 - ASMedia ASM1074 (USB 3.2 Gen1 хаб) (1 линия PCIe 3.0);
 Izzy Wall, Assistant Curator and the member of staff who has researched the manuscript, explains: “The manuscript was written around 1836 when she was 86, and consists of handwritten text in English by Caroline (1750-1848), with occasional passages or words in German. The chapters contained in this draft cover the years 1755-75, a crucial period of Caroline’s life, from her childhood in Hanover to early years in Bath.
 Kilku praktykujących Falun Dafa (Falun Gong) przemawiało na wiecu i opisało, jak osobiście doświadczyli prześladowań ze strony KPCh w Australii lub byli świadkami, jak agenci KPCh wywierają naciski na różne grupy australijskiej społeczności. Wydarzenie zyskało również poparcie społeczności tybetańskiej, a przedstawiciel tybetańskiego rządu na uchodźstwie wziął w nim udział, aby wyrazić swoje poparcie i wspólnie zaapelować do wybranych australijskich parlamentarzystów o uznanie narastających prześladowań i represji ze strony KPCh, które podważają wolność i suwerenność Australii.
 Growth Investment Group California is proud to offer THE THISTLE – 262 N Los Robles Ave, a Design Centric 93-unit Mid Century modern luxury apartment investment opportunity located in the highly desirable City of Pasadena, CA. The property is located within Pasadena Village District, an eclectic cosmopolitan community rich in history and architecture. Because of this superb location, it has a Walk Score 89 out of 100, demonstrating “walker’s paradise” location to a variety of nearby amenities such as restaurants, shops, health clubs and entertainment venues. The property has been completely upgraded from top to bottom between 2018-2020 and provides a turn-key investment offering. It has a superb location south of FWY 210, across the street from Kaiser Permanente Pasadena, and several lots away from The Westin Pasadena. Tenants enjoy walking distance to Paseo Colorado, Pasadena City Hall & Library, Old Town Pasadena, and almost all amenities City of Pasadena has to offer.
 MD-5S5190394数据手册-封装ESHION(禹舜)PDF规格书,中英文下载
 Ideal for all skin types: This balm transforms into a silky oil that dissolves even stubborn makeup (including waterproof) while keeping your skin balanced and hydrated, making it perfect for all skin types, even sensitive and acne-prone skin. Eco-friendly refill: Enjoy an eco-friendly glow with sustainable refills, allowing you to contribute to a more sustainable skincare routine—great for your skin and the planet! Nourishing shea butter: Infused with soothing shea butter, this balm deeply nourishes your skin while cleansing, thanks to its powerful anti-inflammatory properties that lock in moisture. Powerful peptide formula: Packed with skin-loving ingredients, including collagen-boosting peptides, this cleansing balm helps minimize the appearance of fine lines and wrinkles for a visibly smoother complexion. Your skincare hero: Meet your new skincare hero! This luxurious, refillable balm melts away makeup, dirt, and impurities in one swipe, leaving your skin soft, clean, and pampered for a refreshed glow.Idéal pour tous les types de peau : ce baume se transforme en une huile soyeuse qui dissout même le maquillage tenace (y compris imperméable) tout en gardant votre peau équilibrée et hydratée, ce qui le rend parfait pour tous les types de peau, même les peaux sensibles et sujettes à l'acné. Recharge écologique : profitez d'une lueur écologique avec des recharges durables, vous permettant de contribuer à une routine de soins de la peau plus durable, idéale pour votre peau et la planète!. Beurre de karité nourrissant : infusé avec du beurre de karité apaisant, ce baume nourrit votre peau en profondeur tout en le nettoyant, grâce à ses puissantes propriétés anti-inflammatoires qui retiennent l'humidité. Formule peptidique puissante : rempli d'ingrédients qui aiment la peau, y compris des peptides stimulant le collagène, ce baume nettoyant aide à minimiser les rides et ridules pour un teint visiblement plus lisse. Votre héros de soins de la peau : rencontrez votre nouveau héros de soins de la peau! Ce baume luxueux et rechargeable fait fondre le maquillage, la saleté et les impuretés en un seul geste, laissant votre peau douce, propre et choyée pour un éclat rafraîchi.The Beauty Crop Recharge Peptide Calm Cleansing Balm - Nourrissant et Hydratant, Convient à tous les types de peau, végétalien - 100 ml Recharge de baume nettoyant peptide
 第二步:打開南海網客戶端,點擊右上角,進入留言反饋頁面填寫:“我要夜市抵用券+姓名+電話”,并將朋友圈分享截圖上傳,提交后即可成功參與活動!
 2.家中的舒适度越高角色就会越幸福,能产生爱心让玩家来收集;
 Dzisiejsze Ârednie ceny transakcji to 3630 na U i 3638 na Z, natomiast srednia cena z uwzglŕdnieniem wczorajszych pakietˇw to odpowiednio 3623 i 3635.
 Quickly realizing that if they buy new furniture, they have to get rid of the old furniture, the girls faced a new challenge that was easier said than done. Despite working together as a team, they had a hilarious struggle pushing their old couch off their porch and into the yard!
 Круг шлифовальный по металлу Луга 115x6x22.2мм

-- What is required --
All lines in the listing above should be written out again exactly.

-- Result below --
 - ASMedia ASM1074 (USB 3.2 Gen1 хаб) (1 линия PCIe 3.0);
 Izzy Wall, Assistant Curator and the member of staff who has researched the manuscript, explains: “The manuscript was written around 1836 when she was 86, and consists of handwritten text in English by Caroline (1750-1848), with occasional passages or words in German. The chapters contained in this draft cover the years 1755-75, a crucial period of Caroline’s life, from her childhood in Hanover to early years in Bath.
 Kilku praktykujących Falun Dafa (Falun Gong) przemawiało na wiecu i opisało, jak osobiście doświadczyli prześladowań ze strony KPCh w Australii lub byli świadkami, jak agenci KPCh wywierają naciski na różne grupy australijskiej społeczności. Wydarzenie zyskało również poparcie społeczności tybetańskiej, a przedstawiciel tybetańskiego rządu na uchodźstwie wziął w nim udział, aby wyrazić swoje poparcie i wspólnie zaapelować do wybranych australijskich parlamentarzystów o uznanie narastających prześladowań i represji ze strony KPCh, które podważają wolność i suwerenność Australii.
 Growth Investment Group California is proud to offer THE THISTLE – 262 N Los Robles Ave, a Design Centric 93-unit Mid Century modern luxury apartment investment opportunity located in the highly desirable City of Pasadena, CA. The property is located within Pasadena Village District, an eclectic cosmopolitan community rich in history and architecture. Because of this superb location, it has a Walk Score 89 out of 100, demonstrating “walker’s paradise” location to a variety of nearby amenities such as restaurants, shops, health clubs and entertainment venues. The property has been completely upgraded from top to bottom between 2018-2020 and provides a turn-key investment offering. It has a superb location south of FWY 210, across the street from Kaiser Permanente Pasadena, and several lots away from The Westin Pasadena. Tenants enjoy walking distance to Paseo Colorado, Pasadena City Hall & Library, Old Town Pasadena, and almost all amenities City of Pasadena has to offer.
 MD-5S5190394数据手册-封装ESHION(禹舜)PDF规格书,中英文下载
 Ideal for all skin types: This balm transforms into a silky oil that dissolves even stubborn makeup (including waterproof) while keeping your skin balanced and hydrated, making it perfect for all skin types, even sensitive and acne-prone skin. Eco-friendly refill: Enjoy an eco-friendly glow with sustainable refills, allowing you to contribute to a more sustainable skincare routine—great for your skin and the planet! Nourishing shea butter: Infused with soothing shea butter, this balm deeply nourishes your skin while cleansing, thanks to its powerful anti-inflammatory properties that lock in moisture. Powerful peptide formula: Packed with skin-loving ingredients, including collagen-boosting peptides, this cleansing balm helps minimize the appearance of fine lines and wrinkles for a visibly smoother complexion. Your skincare hero: Meet your new skincare hero! This luxurious, refillable balm melts away makeup, dirt, and impurities in one swipe, leaving your skin soft, clean, and pampered for a refreshed glow.Idéal pour tous les types de peau : ce baume se transforme en une huile soyeuse qui dissout même le maquillage tenace (y compris imperméable) tout en gardant votre peau équilibrée et hydratée, ce qui le rend parfait pour tous les types de peau, même les peaux sensibles et sujettes à l'acné. Recharge écologique : profitez d'une lueur écologique avec des recharges durables, vous permettant de contribuer à une routine de soins de la peau plus durable, idéale pour votre peau et la planète!. Beurre de karité nourrissant : infusé avec du beurre de karité apaisant, ce baume nourrit votre peau en profondeur tout en le nettoyant, grâce à ses puissantes propriétés anti-inflammatoires qui retiennent l'humidité. Formule peptidique puissante : rempli d'ingrédients qui aiment la peau, y compris des peptides stimulant le collagène, ce baume nettoyant aide à minimiser les rides et ridules pour un teint visiblement plus lisse. Votre héros de soins de la peau : rencontrez votre nouveau héros de soins de la peau! Ce baume luxueux et rechargeable fait fondre le maquillage, la saleté et les impuretés en un seul geste, laissant votre peau douce, propre et choyée pour un éclat rafraîchi.The Beauty Crop Recharge Peptide Calm Cleansing Balm - Nourrissant et Hydratant, Convient à tous les types de peau, végétalien - 100 ml Recharge de baume nettoyant peptide
 第二步:打開南海網客戶端,點擊右上角,進入留言反饋頁面填寫:“我要夜市抵用券+姓名+電話”,并將朋友圈分享截圖上傳,提交后即可成功參與活動!
 2.家中的舒适度越高角色就会越幸福,能产生爱心让玩家来收集;
 Dzisiejsze Ârednie ceny transakcji to 3630 na U i 3638 na Z, natomiast srednia cena z uwzglŕdnieniem wczorajszych pakietˇw to odpowiednio 3623 i 3635.
 Quickly realizing that if they buy new furniture, they have to get rid of the old furniture, the girls faced a new challenge that was easier said than done. Despite working together as a team, they had a hilarious struggle pushing their old couch off their porch and into the yard!
 Круг шлифовальный по металлу Луга 115x6x22.2мм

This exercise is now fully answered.